The problem, of course, is that sometimes you fall short of that goal. Too often, we’re able to rescue somebody from death, but can’t quite bring him back to life. People get stuck in that horrible twilight in between. And while they may not be able to tell you, it’s difficult to escape the impression that, even if they could, they wouldn’t want to thank you. This is something that can be difficult for people to understand, especially when the patient is someone who just that morning, or the week before, had been a fully living, fully functional, and deeply loved human being.

We practice a scrupulous ethics in my hospital. Patients decide the limits of their care. If they can’t talk, the family tells us what to do. And no matter what I think of their decision, I am bound to respect their wishes, up to the point where my efforts are clearly futile, and then the question is moot: at that point, usually, the patient speaks in the only way left to him, by dying despite everything I can do. Whenever the decision is taken out of my hands, I feel relieved. Who would want the power to decide?

A
ROUND THE MIDDLE OF
the afternoon, I was down in the ED working up a new admission (eighty-three-years-old, living alone, found unconscious on the floor with a core temperature of 107 degrees, and now barely holding her pressures on ten micrograms of dopamine) when I was paged to the ICU. The Wallace family wanted to speak to me. In the interim, Muriel Wallace’s condition hadn’t changed in any significant way. There was no sign her stroke had progressed. Her blood pressure was stable, her heartbeat solid as a rock; as I prepared to meet the family, this, and the way she was breathing over the vent, made me slightly uneasy—the way one always is in the hospital when things don’t progress according to plan.
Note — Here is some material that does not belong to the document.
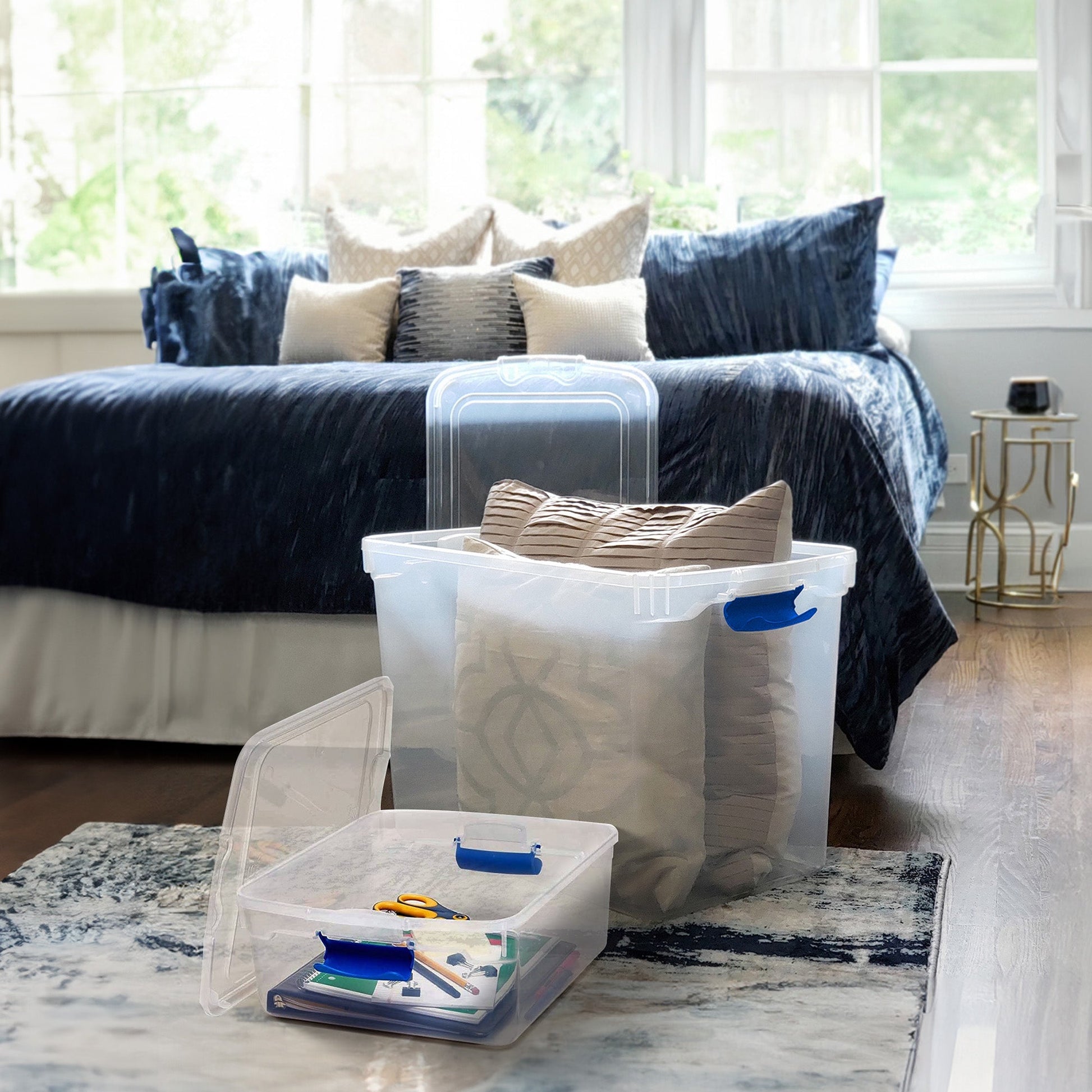 These popular size containers are ideal for a variety of basic household needs, such as sorting and storing away clothing, toys, linens, craft supplies, seasonal decorations, and more. The ergonomic latching handles lock to secure the lid providing a comfortable grip for easy carrying. When locking, the lid snaps firmly into place to ensure all contents stay contained, concealed, and dust-free.

“Breathing over the vent,” means the patient is taking breaths without the aid of the ventilator. Ventilator management can be complicated; in patients whose lungs are severely damaged, the subtleties of their settings become a matter of art as much as science. But for most patients, as for Mrs. Wallace, the machine was there simply because she was intubated, and it’s hard to breathe through a narrow tube without mechanical aid. The tube itself was there only because she was unconscious: she was intubated for airway protection, and the vent was on minimal support only, supplying breaths twelve times a minute, and giving a helpful push on any breath the patient started drawing on her own. Even on her own breaths, she was drawing in more than the vent supplied. Odds were good that if I were to extubate her, she would go on breathing.